China, 2018, colour/b&w, 2.35:1, 102 mins.

Director: Yu Miao 于淼.

Rating: 7/10.

Black comedy on mobile-phone culture doesn’t cut very deep but smoothly entertains with a prime cast.

STORY

Beijing, the present day, 19 Aug. Two couples – husband and wife Wu Xiaojiang (Qiao Shan) and Li Nan (Huo Siyan), plus jobbing screenwriter Jia Di (Tong Dawei) and his devoted fiancee Bai Xuejiao (Xi Mengyao) – arrive at the flat of their married friends, university art lecturer Wen Bo (Tian Yu) and psychologist Dai Dai (Dai Lele), for a dinner party. Also arriving, after thinking about cancelling, is high-powered singleton executive Han Xiao (Ma Li). Housewife Li Nan gets annoyed by workaholic company boss Wu Xiaojiang always checking his mobile phone and also not letting her see what he’s watching, and discussion shifts to how mobiles have taken over people’s lives and hold all one’s secrets nowadays. Wu Xiaojiang, who’s been clandestinely watching a webcam girl, gets nervous when Han Xiao provocatively suggests they all swap their mobiles for the evening. Then Dai Dai proposes they all put their phones in the middle of the table so they can talk for a change – but they should all unlock them so everyone can hear any incoming calls or text messages. A text (“thinking of your body”) comes in for Jia Di, but it turns out to be Wen Bo playing a joke. When the three men go to another room to inspect Wen Bo’s latest book, the four women are left alone and Li Nan, still annoyed at Wu Xiaojiang’s behaviour, plans to sneak a look at her husband’s phone. Before she can, however, the men all quickly return. Then Han Xiao’s mother (Li Ping) calls to say a package has arrived at their flat with strange objects like a whip and handcuffs inside.

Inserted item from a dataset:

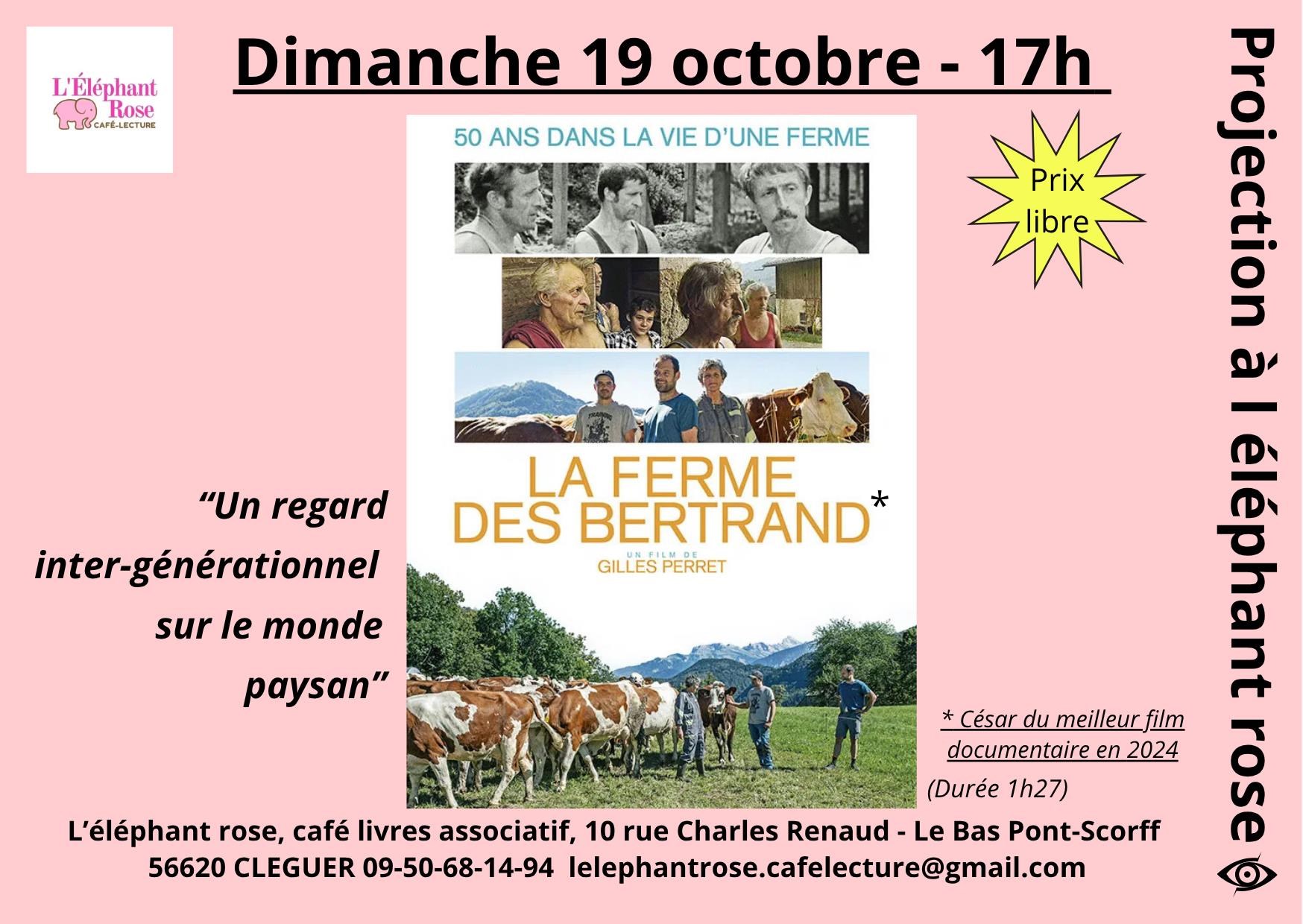 Documentaire. « La ferme des Bertrand » film de Gilles Perret, 2024, 1 h 27. Un regard intergénérationnel sur le monde paysan. Dimanche 19 octobre de 17 h à 19 h, Bas Pont-Scorff, 10, rue Charles-Renaud, Cléguer. Tarif : libre. Contact : 09 50 68 14 94, lelephantrose.cafelecture@gmail.com.

Han Xiao quickly cuts off the call, saying it’s a wrong delivery, and when the others make fun of her she leaves the table to calm down. Then Dai Dai receives a call from a plastic-surgery clinic conforming her appointment for breast enlargement – which is news to Wen Bo. During a smoking break on the balcony, Wu Xiaojiang admits to the wordly Han Xiao that he has a regular appointment at 21:00 with a webcam girl (Yi Seong-min) and asks if they can temporarily swap phones to avoid embarrassment. But that only leads to a different kind of embarrassment for Wu Xiaojiang, and meanwhile other revelations quickly follow for all the others round the table.

REVIEW

Seven friends find their secrets laid bare during a dinner-party game in Kill Mobile 来电狂响, the latest re-make of the Italian film Perfect Strangers Perfetti sconosciuti (2016), relocated to the milieu of Beijing’s Gen-80ers. The directorial debut of scriptwriter Yu Miao 于淼 – who adapted the 1976 French comedy Pardon Mon Affaire Un éléphant ça trompe énormément into the entertaining Some Like It Hot 情圣 (2016) – the content is ideally suited for mobile-enslaved China but doesn’t quite deliver as the social critique it promises to be (presumably from fear of alienating the core millennial audience, as well as phone manufacturers). Though a real movie about the Mainland’s mobile addiction still remains to be made, this smoothly packaged, well-played entertainment will do in the meantime, even if it never penetrates very deep at an emotional level. In its first two weeks it’s taken a handsome RMB570 million on the Mainland. [Final tally was RMB641 million.]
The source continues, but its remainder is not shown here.